Friday, August 20, 2010

Poetry Friday: At Lowe's Home Improvement Center

I have a poem to share on this Poetry Friday that could lead me in numerous directions. What I'll choose to focus on is that this week the last American combat brigade withdrew from Iraq. Operation Iraqi Freedom has, apparently, come to a close.

War is something foreign to me, and I hope it will always remain so. I have to be honest, I never supported the War in Iraq in any fashion--I consider myself to be a pretty staunch pacifist, particularly when it comes to military operations in Iraq. But let me be clear, I have nothing but respect and reverence for the men and women who serve in our country's armed forces. I admire their courage and dedication and I honor their service and sacrifices. As the child, grandchild, and great-grandchild of veterans, anything less is unconscionable for me.

So this week I want to share a poem I came across via my RSS feed from Poetry Daily, "At Lowe's Home Improvement Center." It's one of the few poems I've read about the Iraq War, and I think for people like myself, who've never experienced combat or anything like it, it captures the unending impact that warfare has on the lives of those who serve. It made me think of a short story I read in college, "A Soldier's Home," by Ernest Hemingway, which made me realize that for those who survive combat, life is never, ever the same.
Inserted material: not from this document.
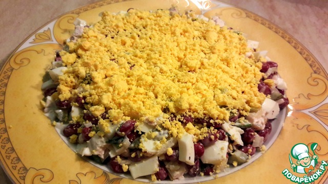 • Я выложила салат в квадратную кулинарную рамку, сверху посыпала желтком.
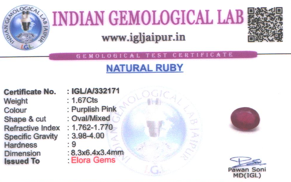 Natural Ruby (Manik) weighing 1.67 carats In Oval from Thailand

In honor of those who have served and given their lives to the pursuit of freedom, and in celebration of what I hope is the end combat operations in Iraq and the eventual withdrawal from Afghanistan, I share "At Lowe's Home Improvement Center," by Brian Turner:
At Lowe's Home Improvement Center
Standing in aisle 16, the hammer and anchor aisle,
I bust a 50 pound box of double-headed nails
open by accident, their oily bright shanks
and diamond points like firing pins
from M-4s and M-16s.
                                   In a steady stream
they pour onto the tile floor, constant as shells
falling south of Baghdad last night, where Bosch
kneeled under the chain guns of helicopters
stationed above, their tracer-fire a synaptic geometry
of light.
            At dawn, when the shelling stops,
hundreds of bandages will not be enough.
                                  . . .
Bosch walks down aisle 16 now, in full combat gear,
improbable, worn out from fatigue, a rifle
slung at his side, his left hand guiding
a ten-year-old boy who sees what war is
and will never clear it from his head.
Here, Bosch says, Take care of him.
I'm going back in for more.
Please read the rest of the poem here. It is definitely worth your time, and definitely worth sharing if you are a teacher of social studies, current events, or literature. If you know of any more poems about the wars in the Middle East, please share them. War Poetry is certainly a sub-genre that may be explored in a future Poetry Mix Tape. Now that I mention it, if you haven't checked out this week's Mix Tape, please do so and feel free to contribute.

This week's Poetry Friday Round-Up is being hosted by Teach Poetry K-12, one of my favorite blogs. Be sure to check it out.


  1. Ben,

    Thanks for your kind comment on my site at Teach Poetry K-12. This is a stunning poem. Free of sentimentality, yet it catches the slippery world of PTSD and pins it down on paper.

    Laura Evans

  2. We take so much for granted, don't we?